Ovviamente non poteva mancare il momento televisivo più deprimente della storia dell'etere dopo le televendite con Stefano Bettarini e gli scazzi tra Lady Chioccia e Tina Cipollari, ovvero le domande alle ragazze volte a dimostrare che oltre alle gambe c'è di più. La schiettezza delle ragazze come al solito l'ha fatta da padrona. Alla domanda:"Se fossi davanti a un bivio, ovvero trasferirti a Parigi o rimanere qui col tuo ragazzo che faresti?" la miss, anziché rispondere : "Il mio ragazzo può anche buttarsi da una scogliera, io me ne vado a Montmatre e mi accoppio selvaggiamente col primo che mi dice bonjour!" lei risponde che se lo amasse davvero rinuncerebbe senza esitazione. Quando Mike le chiede: "Mettiamo caso che il tuo fidanzato esca e il suo telefono sia sempre irraggiungibile, tu cosa pensi?" e lei, anziché dire: "Che sta all'hotel Flora con due diciassettenni bielorusse", risponde, matura e posata, che in un rapporto se non c'è la fiducia non si va avanti.
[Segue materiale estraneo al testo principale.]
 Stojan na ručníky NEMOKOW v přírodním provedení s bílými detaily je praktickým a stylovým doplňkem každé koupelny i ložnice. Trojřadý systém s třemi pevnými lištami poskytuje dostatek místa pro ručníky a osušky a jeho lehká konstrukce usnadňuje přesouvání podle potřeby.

Fabrizio Del Noce era pettinato come il mago Casanova, tanto che Buongiorno, in un attimo di distrazione, gli ha assegnato la fascia "Miss Wella".
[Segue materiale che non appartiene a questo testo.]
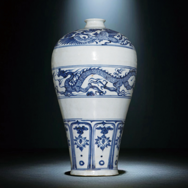 此梅瓶集宮廷威嚴、文人雅趣於一身,存世寥若晨星,是全球藏家競逐的「瓷中王者」,其價值與氣度,皆為元青花之巔。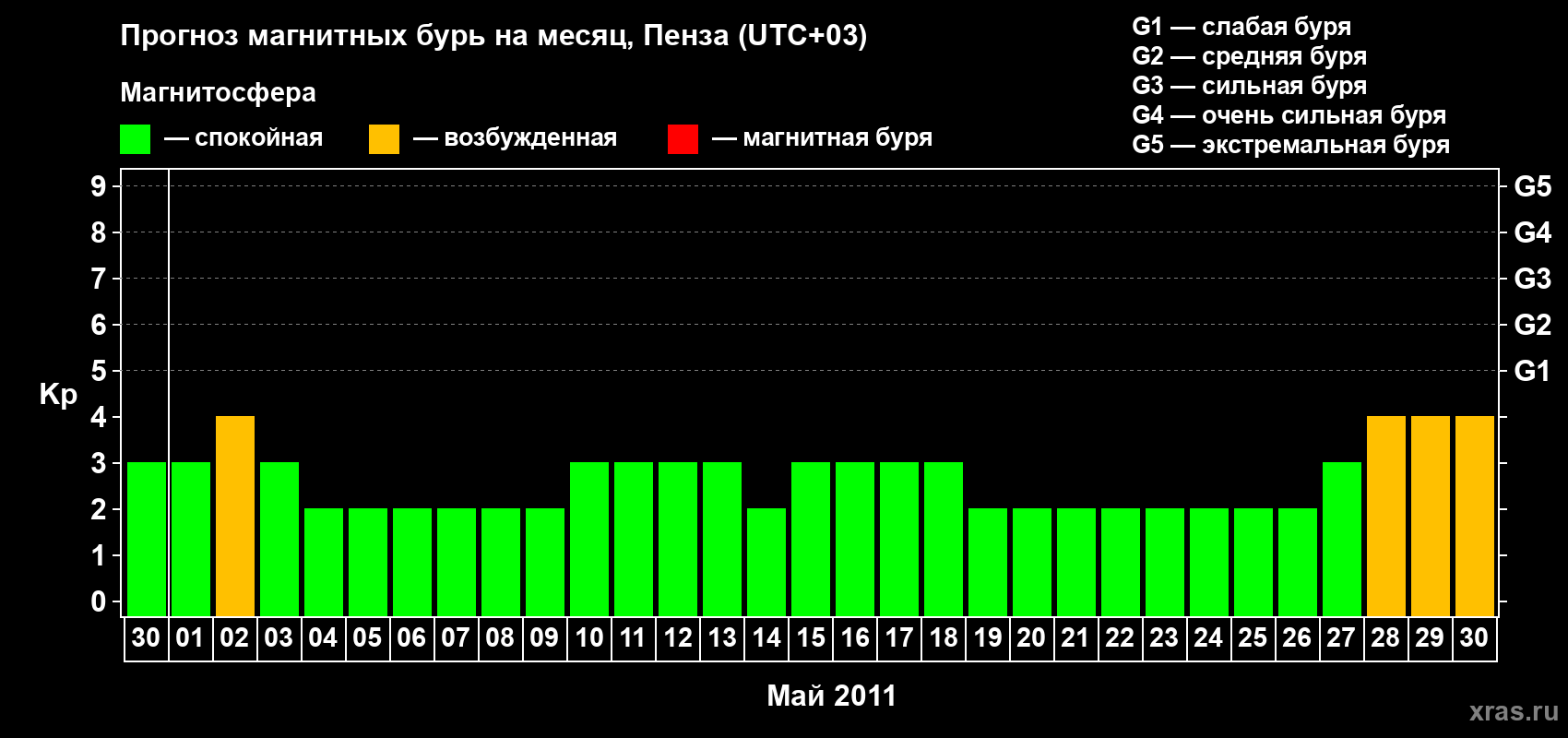 Прогноз магнитных бурь в Пензе — 30 апреля 2011 года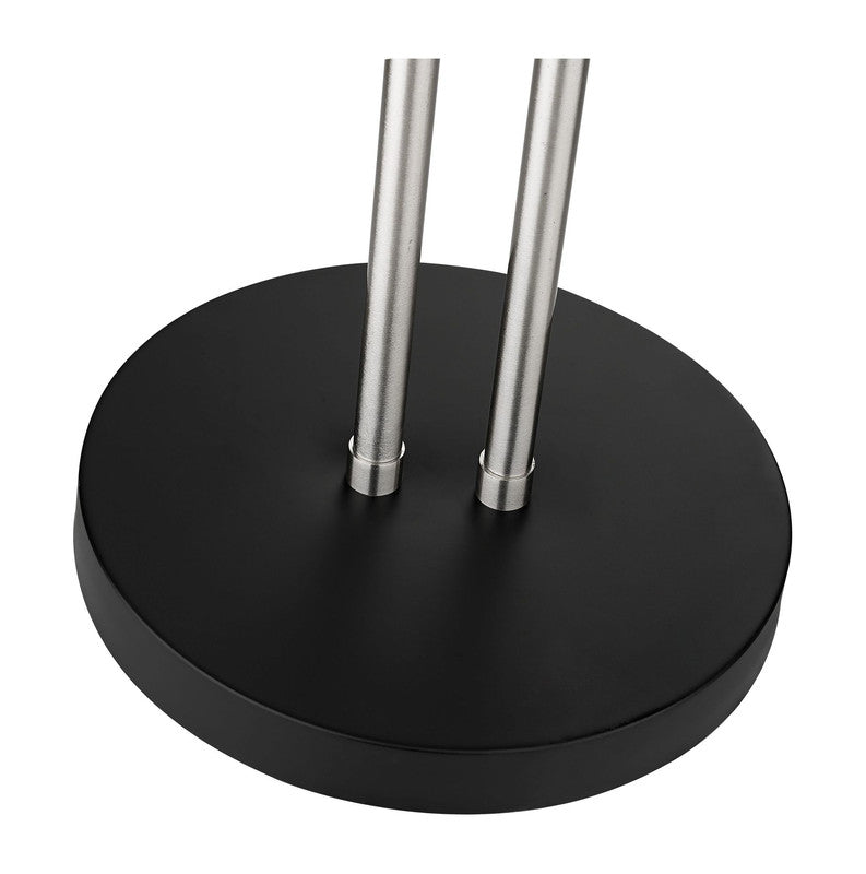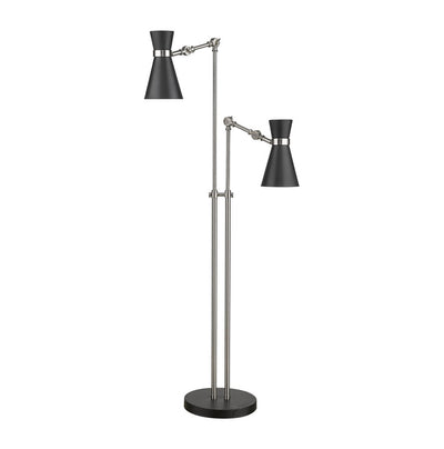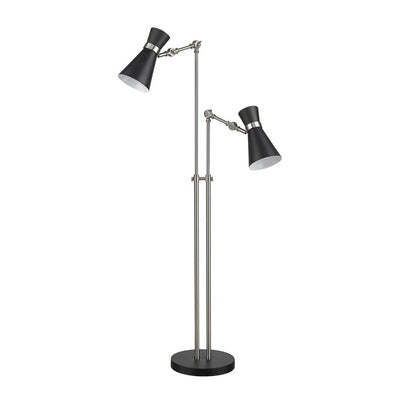 A character-rich studio theme shapes industrial influence that adds casual elegance to this matte black finish steel two-light floor lamp. This lamp features a touch controlled shade with thrree levels; high, low and off. Dress up a living room or office space with this tasteful fixture trimmed with brushed nickel finish steel. This sleek two-light fixture reflects the heart of romantic industrial charm.

A metà serata la miss uscente Claudia Andreatta scende dalle scale con la sua consueta, elegante andatura da capitano della nazionale di rugby neozelandese. Mike ricorda al regista Croce che è il momento di prendere la corona e di posarla sul cuscino. Tutti si girano di scatto preoccupatissimi verso Mirigliani ma la figlia effettua subito la prova specchietto: avvicina il portacipria alla bocca del padre e il vetro si appanna. Sollievo generale.

Eros Ramazzotti, tanto per mettere a tacere le malelingue, s'è presentato ad un concorso con cento ragazze in bikini in compagnia di sei ragazzoni di colore che gli facevano da coro e ha parlato con la Goggi del singolo inciso con Ricky Martin dal titolo "Non siamo soli". La Goggi: "Eros, raccontami di questo duetto con Ricky. Quello artistico, intendo.". Non ho capito, cosa voleva farsi raccontare 'sta donna? La trama di Brokeback mountain?
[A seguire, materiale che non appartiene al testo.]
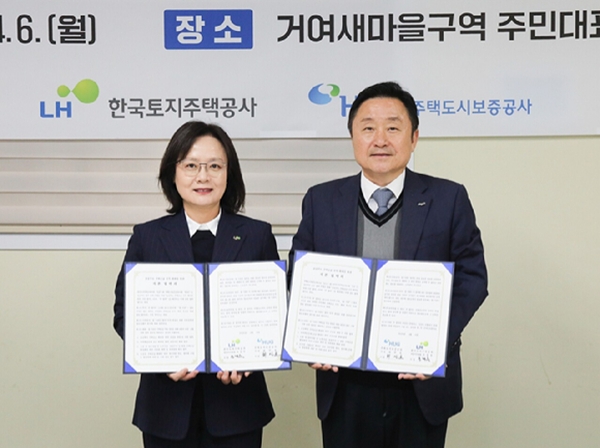 | ¡ã ÀÌ´Þ 6ÀÏ °Å¿©»õ¸¶À»±¸¿ª ÁֹδëǥȸÀÇ »ç¹«½Ç¿¡¼ ÁøÇàµÈ LH¿Í HUGÀÇ ‘°ø°øÁÖµµ ÁÖÅðø±Þ ½Å¼Ó È®´ë¸¦ À§ÇÑ ±âº»Çù¾à’ ü°á½Ä. <Á¦°ø=LH> |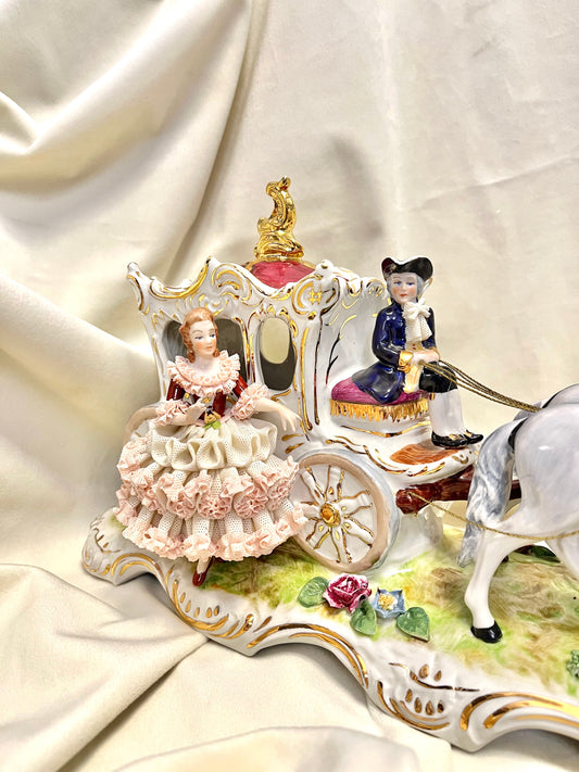 Porcelianinė figūra su karieta ir žirgais
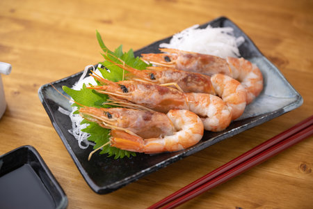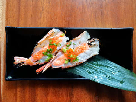 Japanese food style, Top view of raw shrimps with bamboo leaves on black plate on wooden table in restaurant, Botan mentai is Japanese traditional, Fresh meat for grill or cooking

A proposito di pettegolezzi. Secondo voci di corridoio Enzo Mirigliani, durante il concorso, avrebbe trovato una seconda giovinezza: si è infatti innamorato perdutamente della Goggi ma avrebbe deciso di non diffondere la notizia perché teme un'accusa di pedofilia.
Intorno a mezzanotte accade ciò che deve accadere in ogni edizione di Miss Italia che si rispetti: tutte le ragazze che da casa appaiono indiscutibilmente le più belle vengono eliminate. Quelle con un accenno di tette vengono lapidate e buttate in una fossa comune in un bosco a pochi chilometri da Salsomaggiore (in questa edizione poi l'unica con una quarta faceva pure di cognome Ciullo, figuriamoci). La tizia che fino a quel momento era stata dileggiata da tutti i capofamiglia d'Italia con le solite frasi di rito del tipo "Ahò, ma questa l'aveva capito che stava a partecipà a un concorso di bellezza o se pensava che fosse quello per le guardie forestali ?", "Amò, te la mattina senza trucco sei mejo de questa!", è una delle tre finaliste. Poi ce n'è un'altra, Miss Lazio, che è inspiegabilmente la preferita delle altre Miss nonostante somigli in maniera inquietante alla mora spiritata della Premiata ditta. E infine c'è lei, Silvia Battisti, la vincitrice: occhi azzurri, capelli castani, le fossette quando sorride. Ovviamente, manco a dirlo, è, come nei propositi sinceri e credibili di questa edizione, ben tornita: complessivamente trenta chili di peso e solo se pesata assieme ad abiti, scarpe, trono, corona, Ettore Bassi e le sue tre sorelle.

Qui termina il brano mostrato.